═════ GIVEN DATA

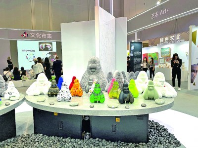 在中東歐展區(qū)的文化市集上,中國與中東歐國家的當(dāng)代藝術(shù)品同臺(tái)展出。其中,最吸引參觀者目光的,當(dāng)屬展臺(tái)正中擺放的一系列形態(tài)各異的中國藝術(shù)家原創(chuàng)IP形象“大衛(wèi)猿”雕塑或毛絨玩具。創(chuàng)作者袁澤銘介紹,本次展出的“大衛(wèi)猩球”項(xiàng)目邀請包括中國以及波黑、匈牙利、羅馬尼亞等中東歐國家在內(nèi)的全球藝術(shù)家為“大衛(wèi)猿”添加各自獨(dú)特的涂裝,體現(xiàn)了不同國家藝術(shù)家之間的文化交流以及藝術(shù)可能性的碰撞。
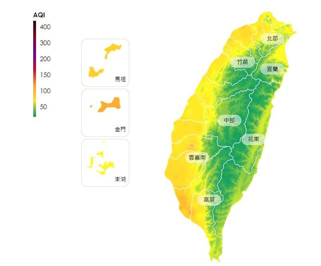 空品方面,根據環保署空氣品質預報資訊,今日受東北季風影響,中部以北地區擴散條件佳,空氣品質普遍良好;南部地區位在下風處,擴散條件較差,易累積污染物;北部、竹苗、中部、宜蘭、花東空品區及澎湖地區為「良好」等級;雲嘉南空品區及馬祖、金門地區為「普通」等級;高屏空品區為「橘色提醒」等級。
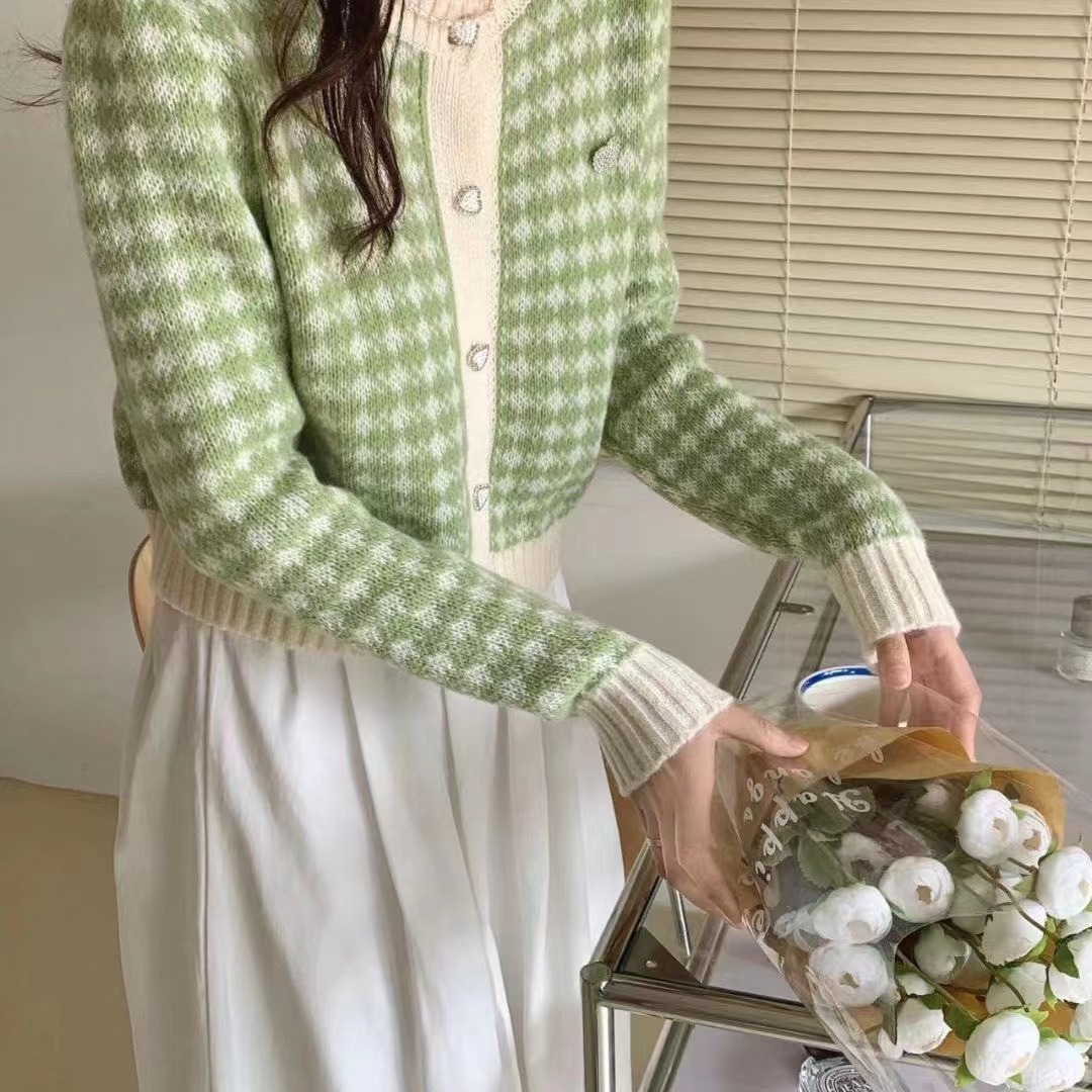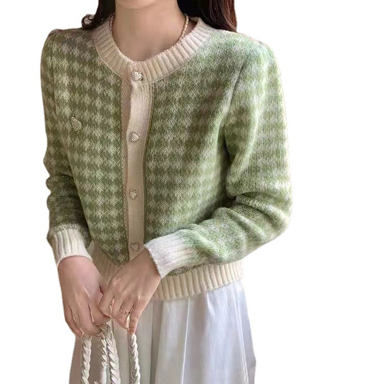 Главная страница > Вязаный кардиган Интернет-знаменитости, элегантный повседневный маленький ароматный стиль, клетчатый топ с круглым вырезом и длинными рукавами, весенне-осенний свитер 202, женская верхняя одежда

══════════
═════ GIVEN DATA

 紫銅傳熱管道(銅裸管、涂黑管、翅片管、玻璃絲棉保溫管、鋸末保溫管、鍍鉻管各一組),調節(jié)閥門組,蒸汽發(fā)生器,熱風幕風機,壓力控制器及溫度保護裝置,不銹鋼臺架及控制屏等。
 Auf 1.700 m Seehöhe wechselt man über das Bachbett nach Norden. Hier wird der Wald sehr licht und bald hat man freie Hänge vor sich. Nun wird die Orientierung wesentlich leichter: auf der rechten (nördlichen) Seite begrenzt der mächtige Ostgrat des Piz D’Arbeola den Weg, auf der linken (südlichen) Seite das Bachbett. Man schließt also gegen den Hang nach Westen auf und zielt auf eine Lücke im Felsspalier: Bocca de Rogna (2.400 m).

══════════
═════ GIVEN DATA

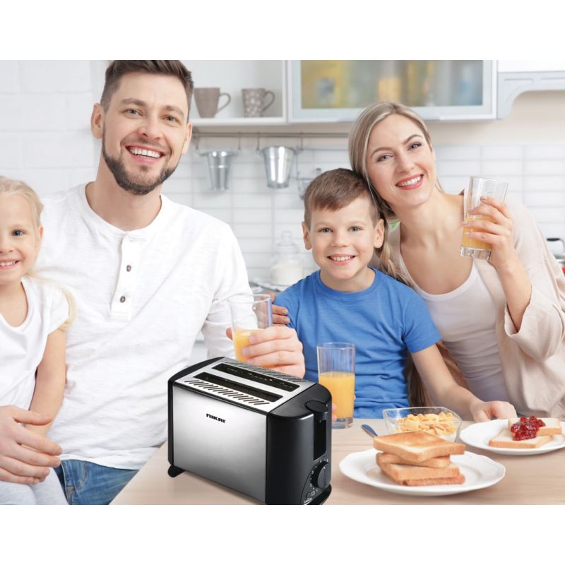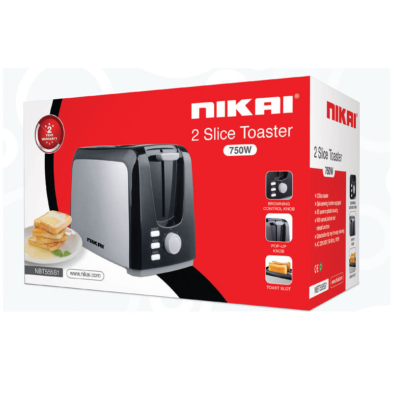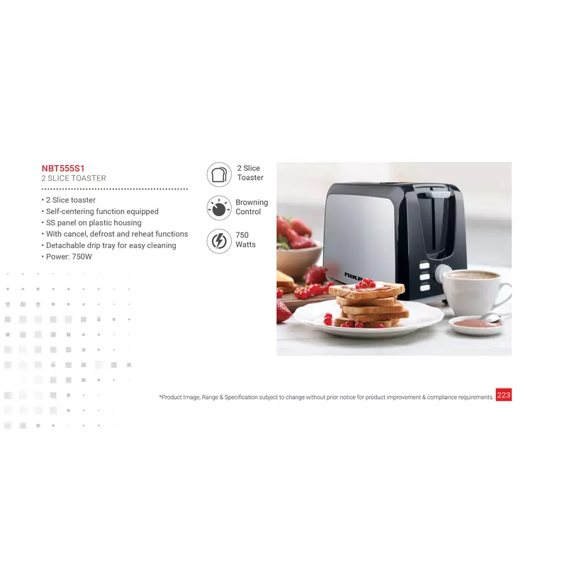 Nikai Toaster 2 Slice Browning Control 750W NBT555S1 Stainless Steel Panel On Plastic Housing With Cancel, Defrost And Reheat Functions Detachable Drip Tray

══════════

(ACTION ITEM): Leaving out all pictures, set down exactly the lines of the material above, from the line with "空品方面,根據環保署空氣品質" to the line with "Главная страница >" inclusive, and no others.

(EXERCISE ANSWER):
 空品方面,根據環保署空氣品質預報資訊,今日受東北季風影響,中部以北地區擴散條件佳,空氣品質普遍良好;南部地區位在下風處,擴散條件較差,易累積污染物;北部、竹苗、中部、宜蘭、花東空品區及澎湖地區為「良好」等級;雲嘉南空品區及馬祖、金門地區為「普通」等級;高屏空品區為「橘色提醒」等級。
 Главная страница > Вязаный кардиган Интернет-знаменитости, элегантный повседневный маленький ароматный стиль, клетчатый топ с круглым вырезом и длинными рукавами, весенне-осенний свитер 202, женская верхняя одежда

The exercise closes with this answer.